The north peninsula was deemed unsuitable for septic systems in a 2013 report by the Florida Department of Health in Volusia County due to the permeability of the soil, the proximity to water bodies, age of the tanks, depth to water table and high density. In addition, 48% of the attendees of the OB Life workshop on the environment and water quality on Aug. 30, 2018, voted accelerating the conversion as the topmost priority. Consequently, four out of five commissioners identified the first phase of the north peninsula conversion as a priority at their strategic planning workshop on Feb. 27.
With the money available in the city's funds, it makes sense to invest it now, Partington said. City Manager Joyce Shanahan cautioned him that in doing this, the city would be using 38% of its wastewater and sewer fund reserves. But, Partington insisted that there are funds available.
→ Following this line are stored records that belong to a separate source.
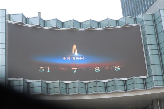 蘇州中潤廣場戶外全彩LED顯示屏,采用P10、165.53平方米弧形顯示屏。該產品用進口大功率管芯亮度高、衰減小、壽命,滿足戶外陽光直射條件下清晰顯示要求;屏體表面平整,色彩均勻、對比度高、真實還原畫面色彩;
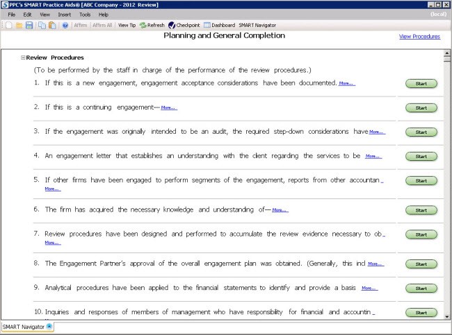 In addition to SMART Navigator, you can navigate your engagement through the left hand navigation pane or the tabs at the bottom of the screen. You can also navigate via the View Procedures link at the top of the screen.
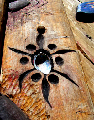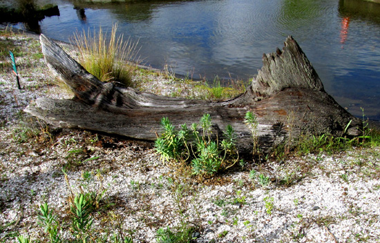 A moray eel sculpture and a driftwood fish.
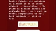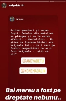 Recent, Adrian, fostul concurent de la Puterea dragostei, scria pe Instagram și îi ataca pe tinerii care se află acum în casă. Oare la cine se referea?! Andy a intervenit și el, a dat share postării și a făcut scurte comentarii.
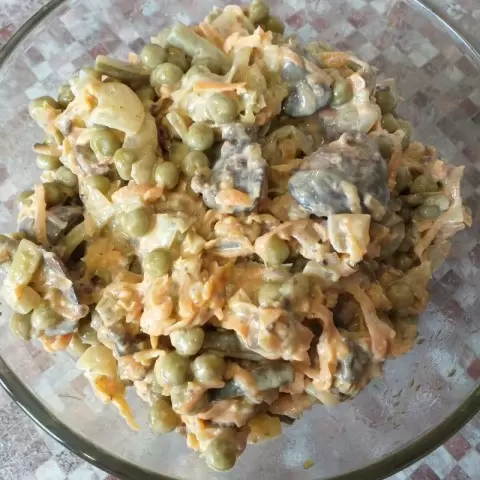Шаг 7: Заправить салат на свой вкус, используя майонез (в качестве альтернативы можно взять сметану). Перемешать все ингредиенты и дать настояться в холодильнике около 30-40 минут.
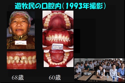 歯学生には、この話をした後、20数年前に撮影した遊牧民の口腔写真を見せる。
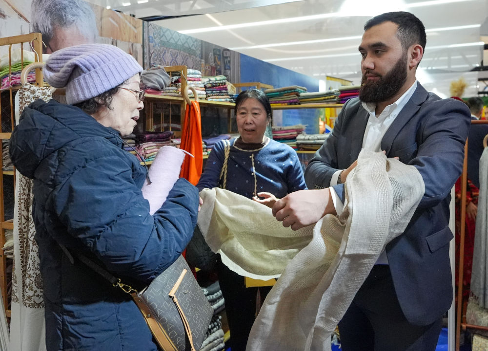 2026年2月4日,在“共享大市场·出口中国”2026年首场活动暨北京国际精品荟的进口商品推介区,参观者(左)购买展出的乌兹别克斯坦围巾。当日,“共享大市场·出口中国”2026年首场活动暨北京国际精品荟启动活动在湾里·王府井WellTown举行,现场打造了“一站式”全球好物采购展区,为市民新春消费注入活力。
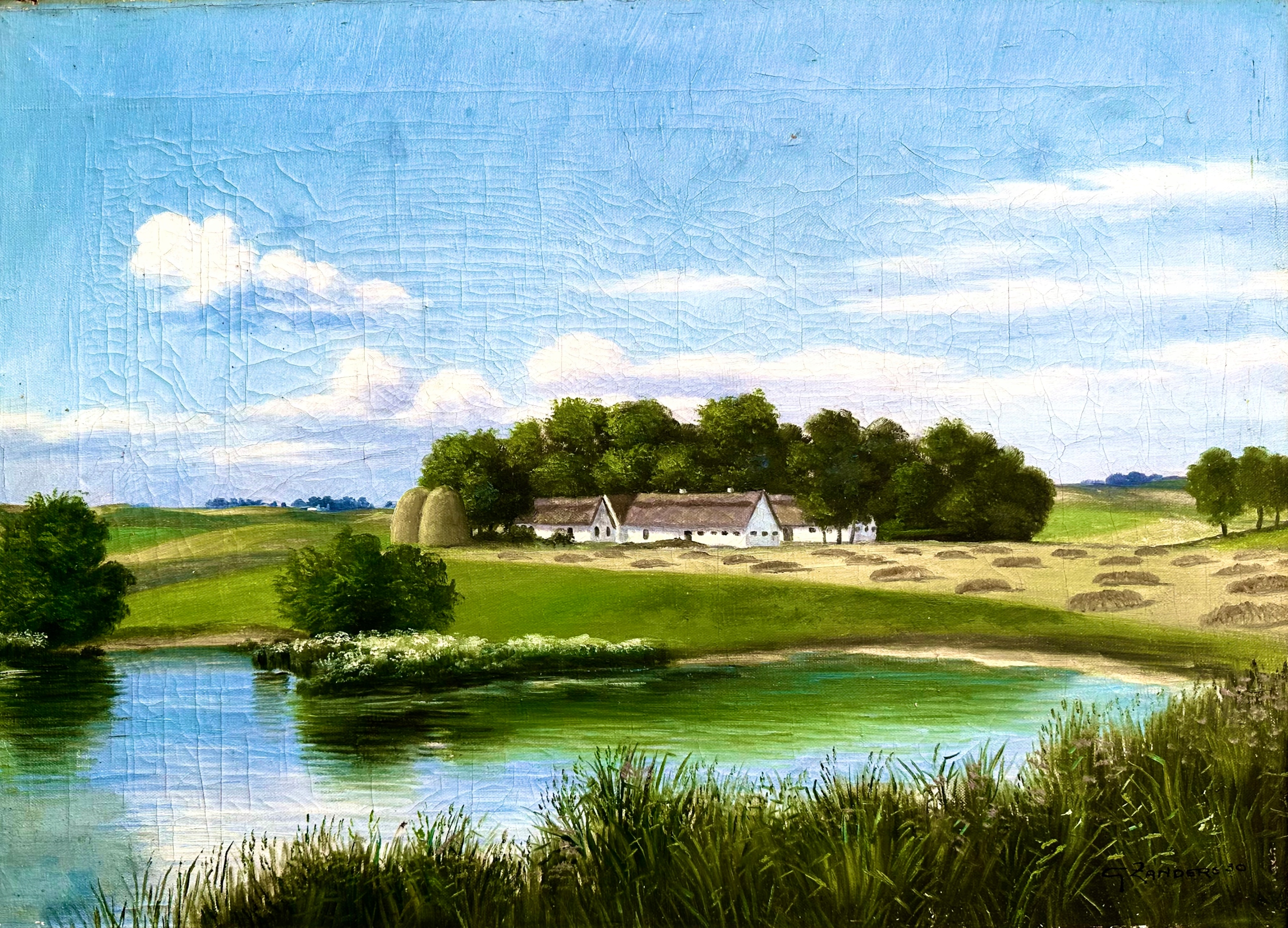 СТАРІ ДАЧИ БІЛЯ СТАВКУ В СІЛЬСЬКОМУ ПЕЙЗАЖІ
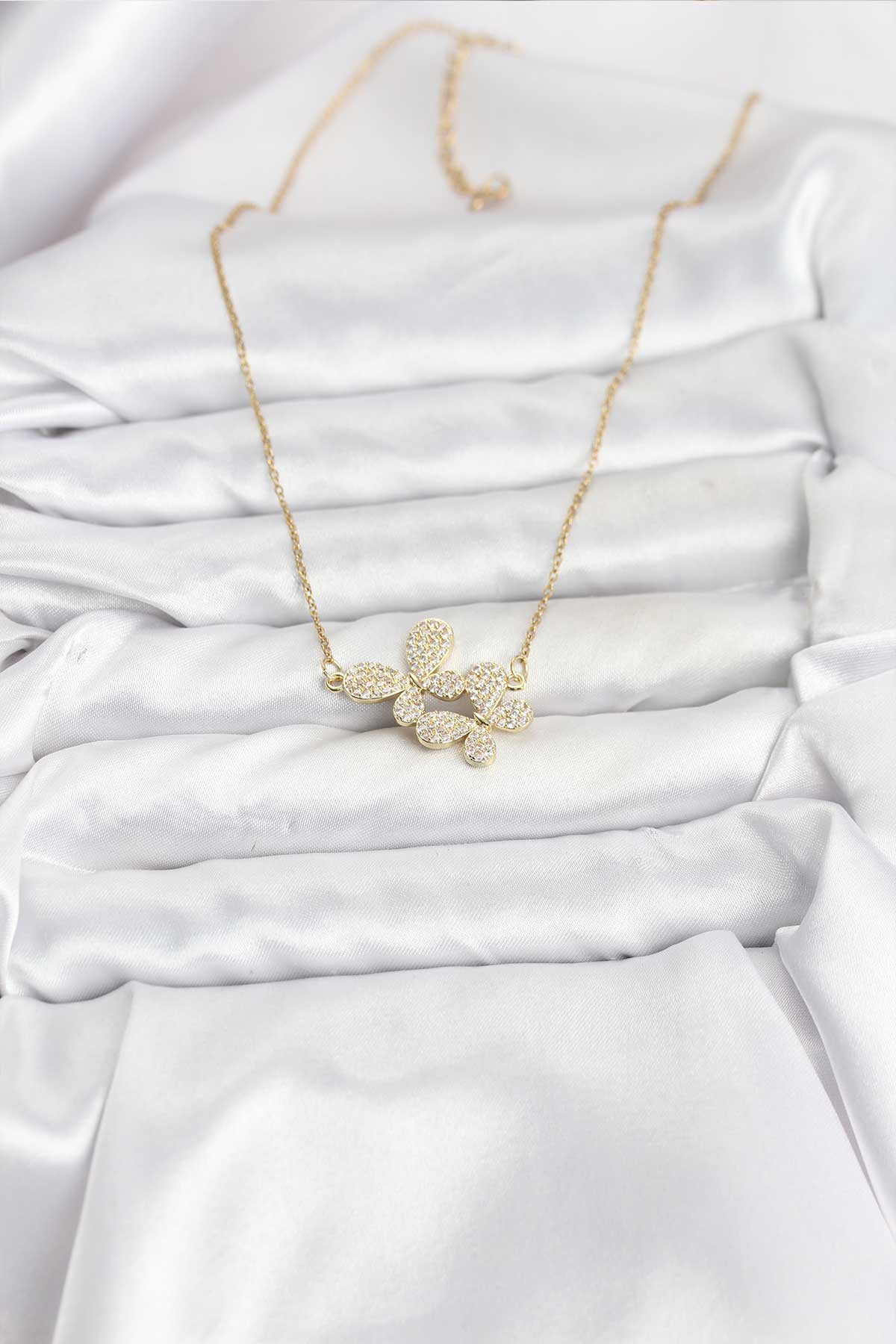 316L Çelik Zincir Gold Renk Zirkon Taşlı Kelebek Model Kadın Kolye
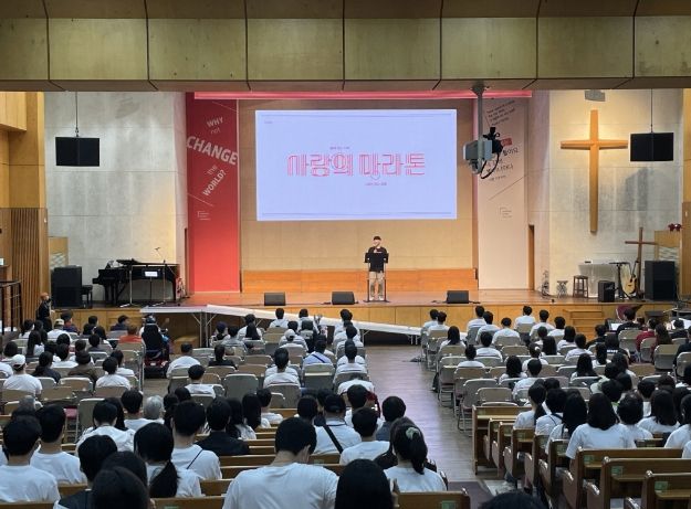 사랑의 마라톤은 포항지역 장애인 참가자와 비장애인 도우미가 함께 마라톤 코스를 완주하는 지역 나눔 사업으로, ‘함께 한마음으로 모이는 날’이라는 주제로 열린 이번 행사에서는 장애인 참가자, 비장애인 도우미 600여 명이 참가해 한동대학교 내 마라톤 구간 4km를 완주했다.
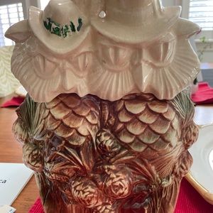 This is a collectible McCoy owl pair cookie jar. It has its title listed on the back as shown. Paint erosion on owls but in overall excellent condition.
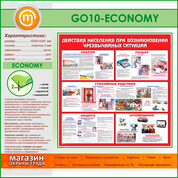 Стенд «Действия населения при возникновении чрезвычайных ситуаций» (GO-10-ECONOMY) в Краснодаре купить
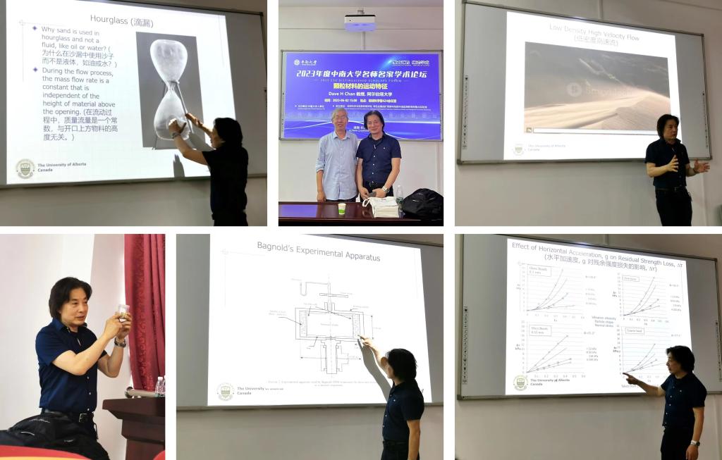 Dave Chan教授以《The Motion Characteristics of Granular Material》(颗粒材料运动特征)为主题,从数值计算、物理实验及地质灾害案例等多角度阐述了颗粒材料力学行为最新研究成果,介绍了泥石流等典型颗粒流在运动过程中的颗粒惯性、粒间摩擦、体变行为与振动效应等前沿热点问题,总结了颗粒材料运动过程本构模型、内应力计算、流固耦合等方面的研究挑战。报告内容深入浅出,具有极高的学术水平,会场学术氛围浓厚,与会师生提出了近20个问题,Dave Chan教授一一作答并与现场师生热烈讨论,并从其自身研究经验出发提出了独到见解。
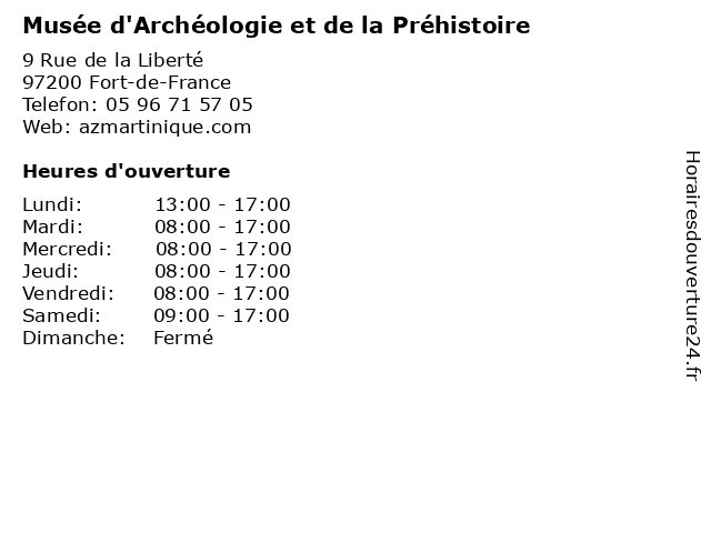 1 Musée d'Histoire et d'Ethnographie (Distance: 0,44 km) 10 boulevard du Général de Gaulle, 97200 Fort-de-France d'ethnographie, d'histoire, documentation, et, expositions, musée, personnages de cire, recherche, tableaux 2 Musée de la Pagerie (Distance: 8,64 km) . La Pagerie, 97229 Trois-Ilets de, la, musée, pagerie, publics, services 3 Musée de la Canne (Distance: 8,66 km) . Vatable, 97229 Trois-Ilets canne, de, la, musée, publics, services 4 Musée de la Mer (Distance: 9,78 km) - Village de La Poterie, 97229 Trois-Ilets collections, coquillages, coraux, crustacés, de, la, mer, musée, oursins, poissons 5 Musée du café et du cacao (Distance: 10,97 km) . Château, 97229 Trois-Ilets cacao, café, du, et, musée, publics, services 6 Musée des Arts et Traditions Populaires (Distance: 14,85 km) . Rue Cassien Sainte-Claire, 97270 Saint-Esprit arts, des, et, musée, populaires, publics, services, traditions |

Shanahan said that, while the city has $5.7 million available to use, there are monies that are already allocated for specific projects. Finance Director Kelly McGuire proposed that the city don't take all the funds from the wastewater and sewer reserves, but that at least a portion of the design and construction phase be funded by impact fees.
"I just want you all to be aware that you don't want to use all of your reserves because poop happens," Shanahan said.
People want to see government get something done, Partington said. He also wanted the entire commission to be on board with the plan.
"The money is there if we have the guts to tell staff we want this done," Partington said. "Let's do it. Let's not keep dragging our feet."
City Commissioner Dwight Selby, who has been fighting for the city's investment in the north peninsula, said the city is the only one that can help the north peninsula. With Commissioners Susan Persis and Rob Littleton in favor of doing both septic to sewer projects simultaneously, he only had to convince City Commissioner Troy Kent, who had been vocal about taking care of residents first.
Selby said that though Ormond-by-the-Sea is not in the city's jurisdiction, it is in its utility service area. The north peninsula are all Ormond Beach water customers, and Selby said those residents bring in $300,000 annual profit to the city as a result. If they didn't buy water from the city, that area would be the worst area for septic in the county, Selby said.
Selby also brought up a story that Kent had told in a prior meeting. Kent had previously talked about his grandfather who used to shrimp in the Halifax River. The water was so clear you could see the grass on the bottom, both recalled.
"If we're ever going to get back to anything even remotely close to that, we gotta get these nutrients — we gotta get the phosphorus and we gotta get the nitrogen out of those waterways," Selby said. "That's what causes the algae blooms, and it's coming in huge part from the septic tanks."
Selby said he didn't think the north peninsula could wait.More discussion ensued on what would happen if a north peninsula resident decided against hooking up to city sewer. City staff said those residents would pay a fine.
In the end, Kent said the mayor would get his unanimous agreement on the topic.
"We're going to make sure that Ormond Beach is permitted and we take care of some of our residents first, and then start cleaning up our Halifax River so that hopefully Wyatt, or heck, hopefully me, will see some grass growing on the bottom of that Halifax River in Ormond Beach again," Kent said.